HTTP/1.1 401 Unauthorized
Content-Type: application/json
Traceparent: 00-e8aeda507fb93fafd3d2c20bbef283d6-53e32e8f6030ef05-01
X-Langwatch-Gateway-Version: dev
X-Langwatch-Request-Id: req_8f1250b94a959c1b2502792c757264
X-Langwatch-Span-Id: 53e32e8f6030ef05
X-Langwatch-Trace-Id: e8aeda507fb93fafd3d2c20bbef283d6

{"error":{"type":"invalid_api_key","code":"missing_api_key","message":"missing API key; supply Authorization: Bearer lw_vk_... or x-api-key"}}
The error message names both accepted auth headers — Authorization: Bearer lw_vk_... (OpenAI SDK, Claude Code, Cursor, Aider) AND x-api-key (Anthropic SDK). Either works against either endpoint. Traceparent + X-Langwatch-Span-Id + X-Langwatch-Trace-Id are present even on unauth 401s — observability of probe-abuse / misconfigured CLIs is available without inspecting access logs.

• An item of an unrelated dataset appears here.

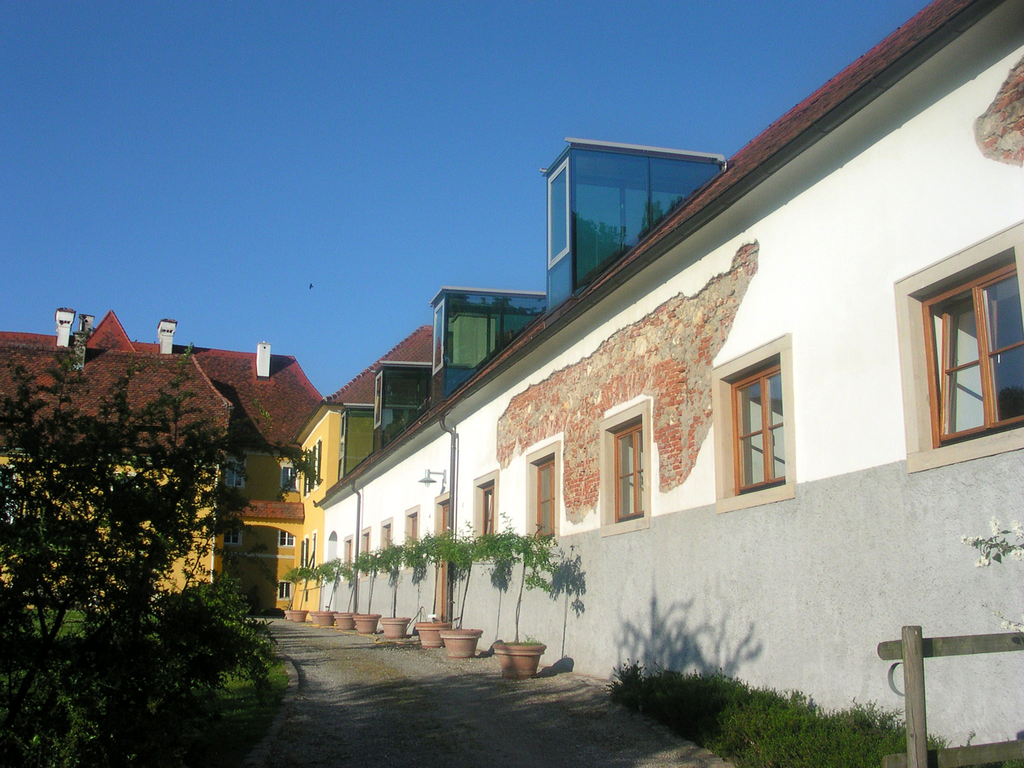 Auf Schloss Eybesfeld in der kleinen südsteirischen Ortschaft Jöß nahe Leibnitz hat Manfred Plottegg im Zuge einer umfassenden Adaptierung von landwirtschaftlichem Gebäudebestand einiges umsetzen können. Die ursprünglich barocke Anlage in einem weitläufigen Parkareal mit Fischteichen und einem jüngst initiierten zeitgenössischen Skulpturenpark wurde nach und nach saniert, revitalisiert und punktuell mit Neubauten ergänzt. Alle bis jetzt erfolgten baulichen Maßnahmen tragen die Handschrift des Architekten, wenn auch die Ausführung durch einen Generalplaner etliche Abweichungen vom Konzept aufweist.

/startupz and /readyz behavior at cold boot

# /startupz — 503 only during the brief window before MarkStarted fires
# (initialisers + optional GATEWAY_STARTUP_NETCHECK_HOSTS probe), then 200
HTTP/1.1 503 Service Unavailable
{"status":"degraded","checks":{"control_plane_reachable":"ok"}}
/startupz and /readyz go to 200 as soon as the gateway has finished its startup initialisers and (if configured) the network-check probe has succeeded. They do NOT block on the auth cache observing a VK — a cold pod with no traffic and a fresh control-plane install with zero VKs will still go ready, and auth resolution happens on demand at request time.

Graceful drain on SIGTERM

INFO msg="gateway_draining" pre_drain_wait="5s"
INFO msg="gateway_shutting_down" timeout="15s"
INFO msg="gateway_stopped"
Matches the 4-phase drain documented in self-hosting/helm § Graceful drain. If your CLI sees one of these response shapes, the gateway is healthy. End-to-end completion through a real VK + provider requires the per-CLI config on each integration page.